D'istinto serrò tra le dita i ricci di Sin, cercando di trattenere i singhiozzi per non farlo agitare: più cercava una via d'uscita e più la loro situazione gli pareva drammatica.
"Non doveva finire così" pensò, piangendo in silenzio e rammentando quanto fosse bello il bambino che aveva portato via dai Caraibi alcuni anni prima – così bello che la madre non si era fatta alcuno scrupolo nel tentare di prostituirlo ai suoi clienti. Lyon si era sempre rallegrato di essere stato lui a pagare per i favori della donna, quella sera, e non un altro capitano con poca morale e gusti perversi; quando aveva accolto Sin a bordo era certo di avergli regalato un futuro migliore.
"È questo che fanno gli eroi, no? E a me è sempre piaciuto fingermi uno di loro. Volevo salvarlo, volevo salvarli tutti... Mia madre, Sin, Sylvia, Messalina... Sembrava che stessero aspettando un cavaliere che li traesse in salvo. Ma io non sono un cavaliere, sono solo un bastardo e un senza-ali e tentando di essere qualcosa di diverso li ho trascinati giù con me, invece di aiutarli.
Forse ha ragione Richard.
Forse sarebbe stato meglio se mi avessero ucciso su quella scogliera."

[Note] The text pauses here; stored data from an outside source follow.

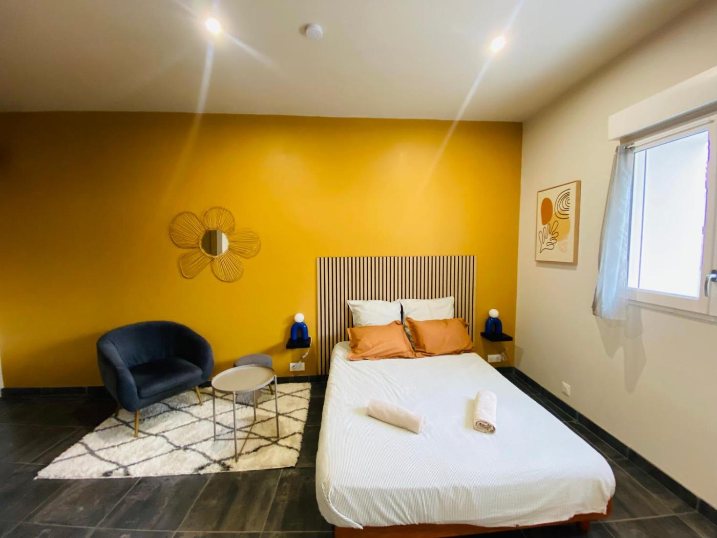 Appartement 1 Chambre. This apartment is comprised of 1 living room, 1 separate bedroom and 1 bathroom with a shower and free toiletries. In the fully equipped kitchen, guests will find a stovetop, a refrigerator, a dishwasher and kitchenware. The air-conditioned apartment offers a flat-screen TV, a washing machine, soundproof walls, a coffee machine as well as garden views. The unit offers 1 bed.
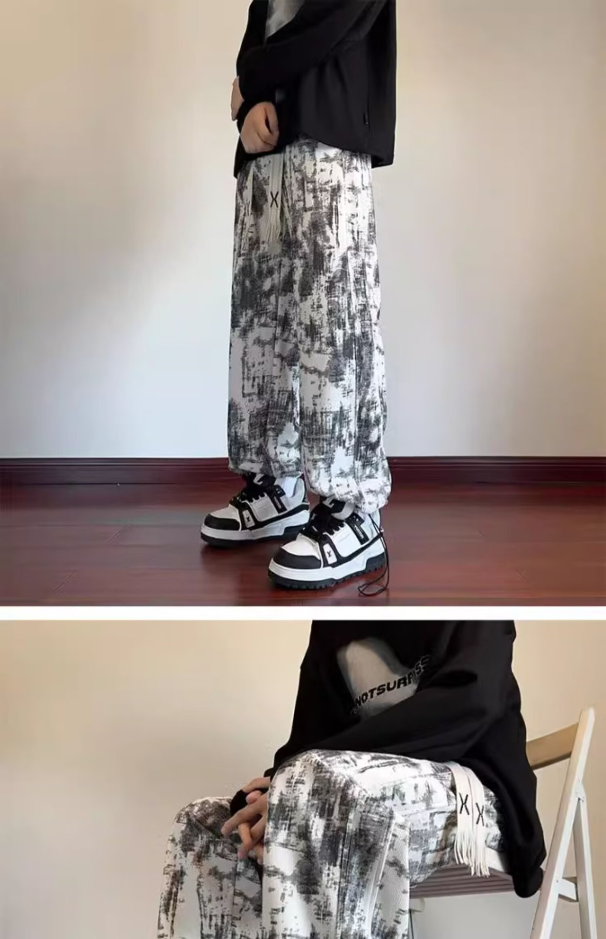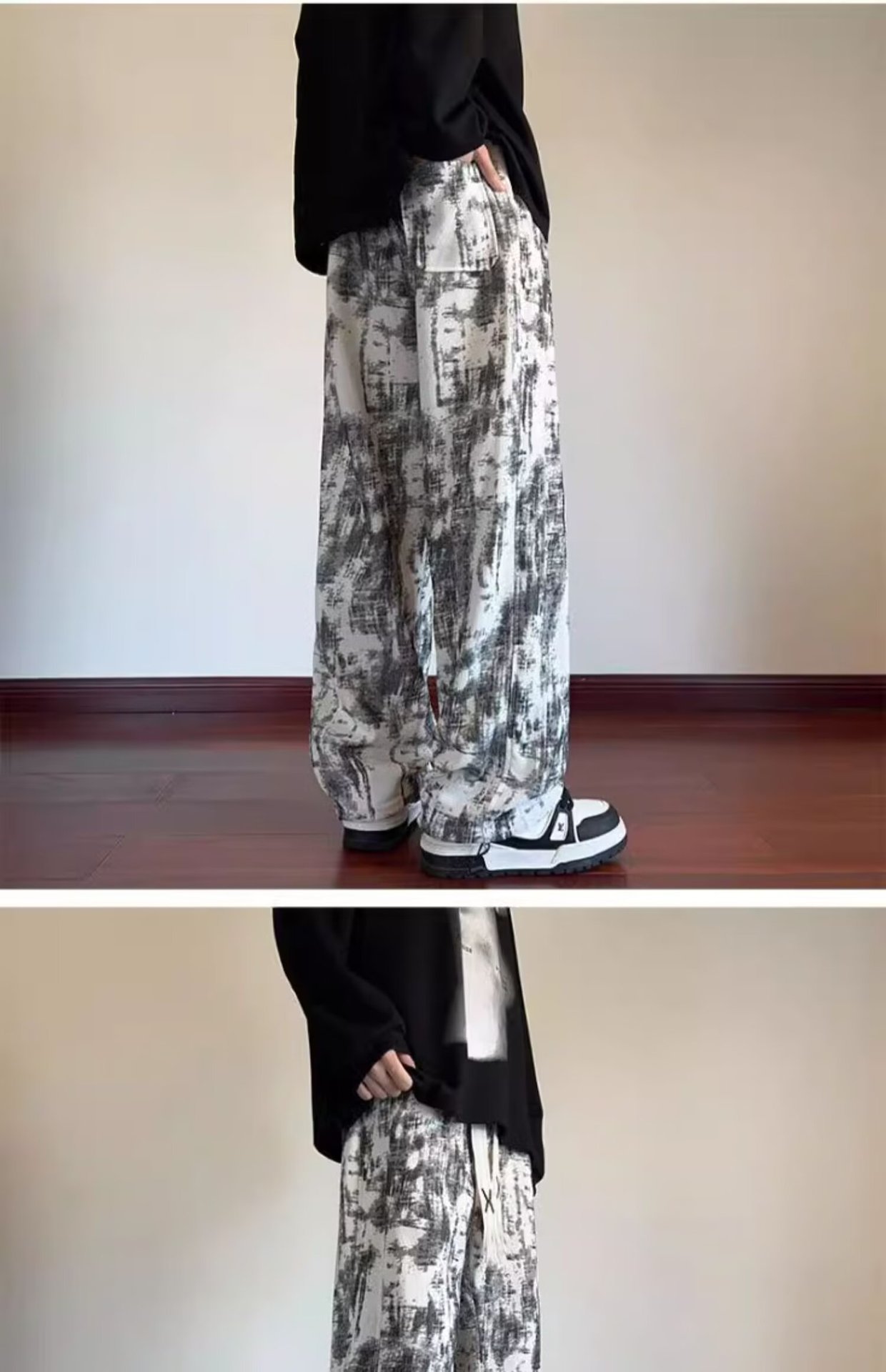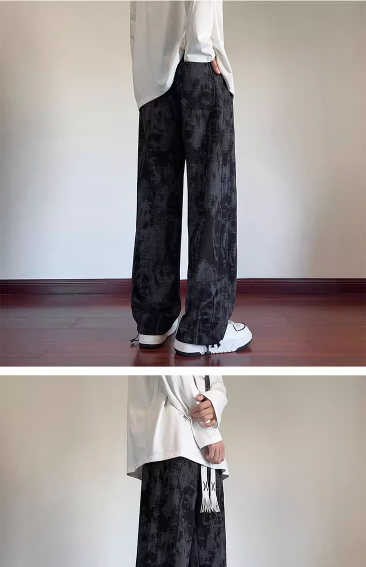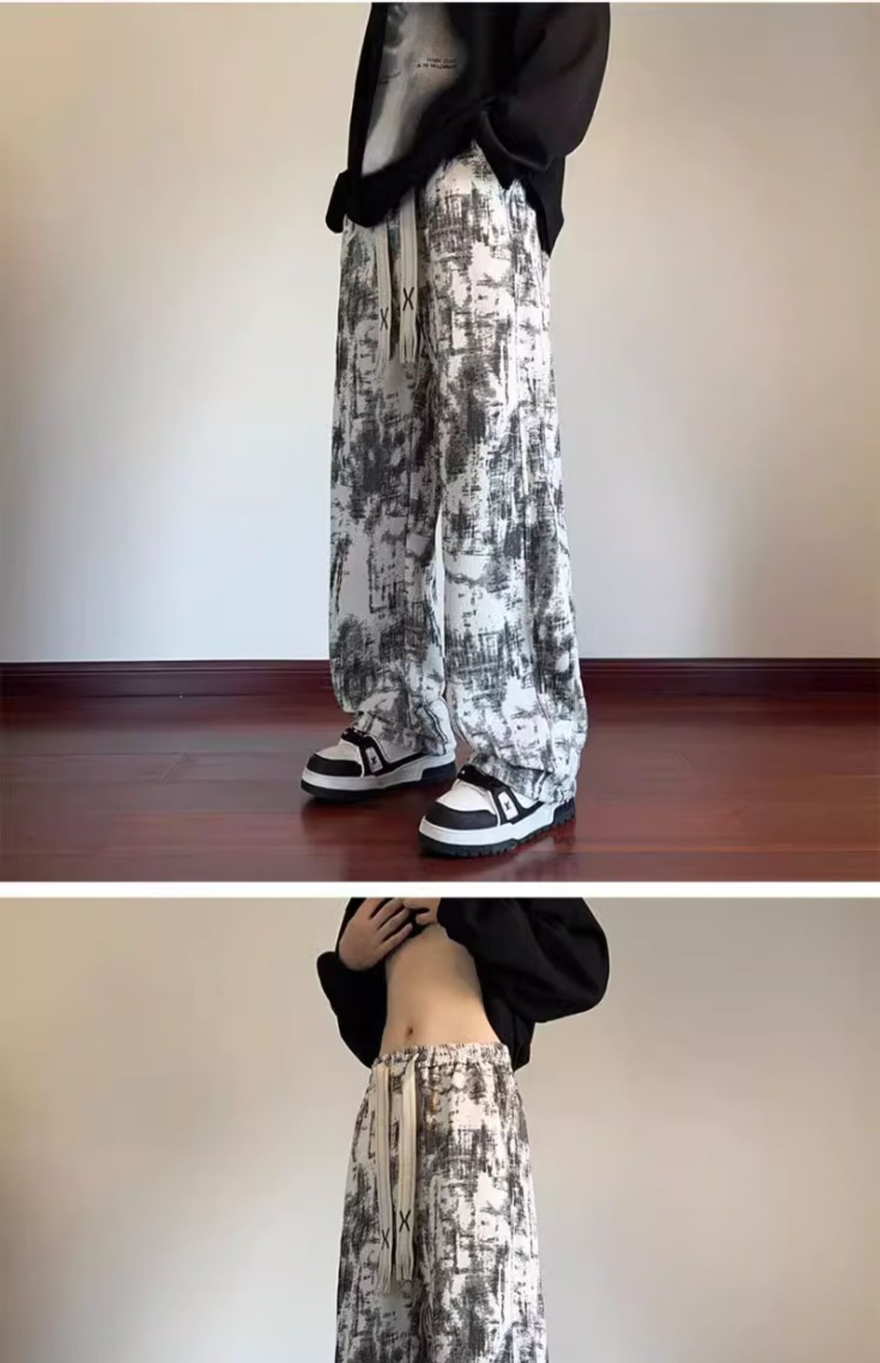 미국 타이 다이 캐주얼 바지 남자의 가을과 겨울 기모 두껍게 그려진 넓은 다리 바지 느슨한 슬리밍 스트레이트 스포츠 바지스토어 가기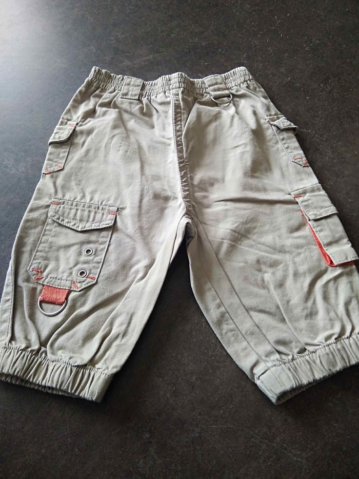 Neuf. Pantalon beige et orange en toile, 6 mois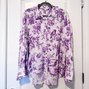Sundance Chantilly Blooms Birds Novelty Print Cotton Gauze Button Down Shirt L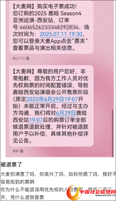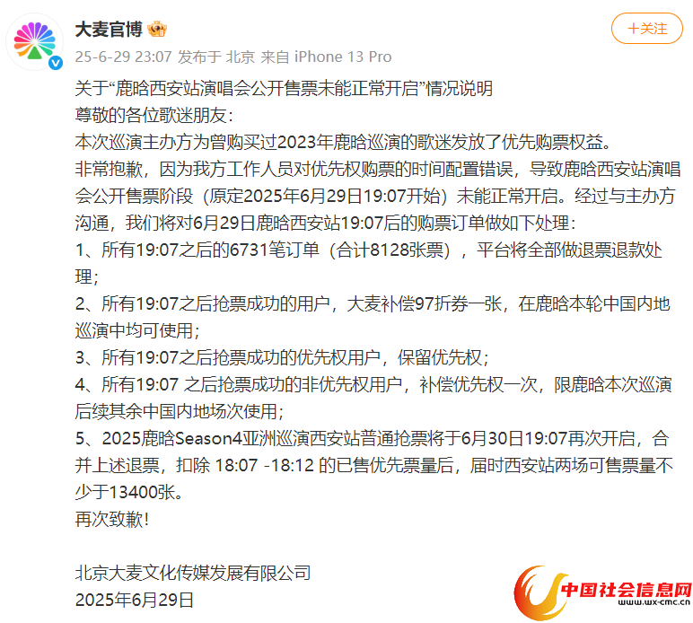“非常抱歉,因为我方工作人员对优先权购票的时间配置错误,导致鹿晗西安站演唱会公开售票阶段(原定2025年6月29日19:07开始)未能正常开启。经过与主办方沟通,我们将对6月29日鹿晗西安站19:07后的购票订单做如下处理: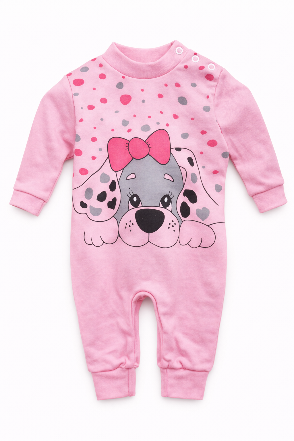 Os botões de pressão posicionados na lateral do pescoço permitem vestir e despir sem apertos, enquanto os botões entrepernas facilitam a troca de fraldas de forma rápida e discreta.

Alberetto di controvelaccio = porzione più alta dell'albero maestro.
«E il Signore gli rese il meritato castigo» = citazione da Maccabei, 2.4.38
Che dire, qui ero proprio nel pieno dello sconforto da sessione e si vede 😂
Così l'Argon è assediata da pirati/fanatici religiosi decisi a mozzare quante più ali possibili e Lyon perde ogni certezza...
Ammetto che l'idea del Regno dei Cieli non è proprio tutta farina del mio sacco, ma mi è stata ispirata da "La Stirpe", un libro steampunk di Meljean Brook che vi consiglio tantissimo: ci sono nanorganismi nascosti nelle zollette di zucchero, zombie, una protagonista meticcia che indaga nell'ostilità generale dell'Inghilterra pseudo-vittoriana e un coprotagonista sexy con uno scheletro fatto letteralmente di ferro.
In mezzo a tutto ciò c'era anche un accenno a un pazzo che catturava le aereonavi, che mi ha intrigato tantissimo e mi ha portato a creare il personaggio del reverendo York.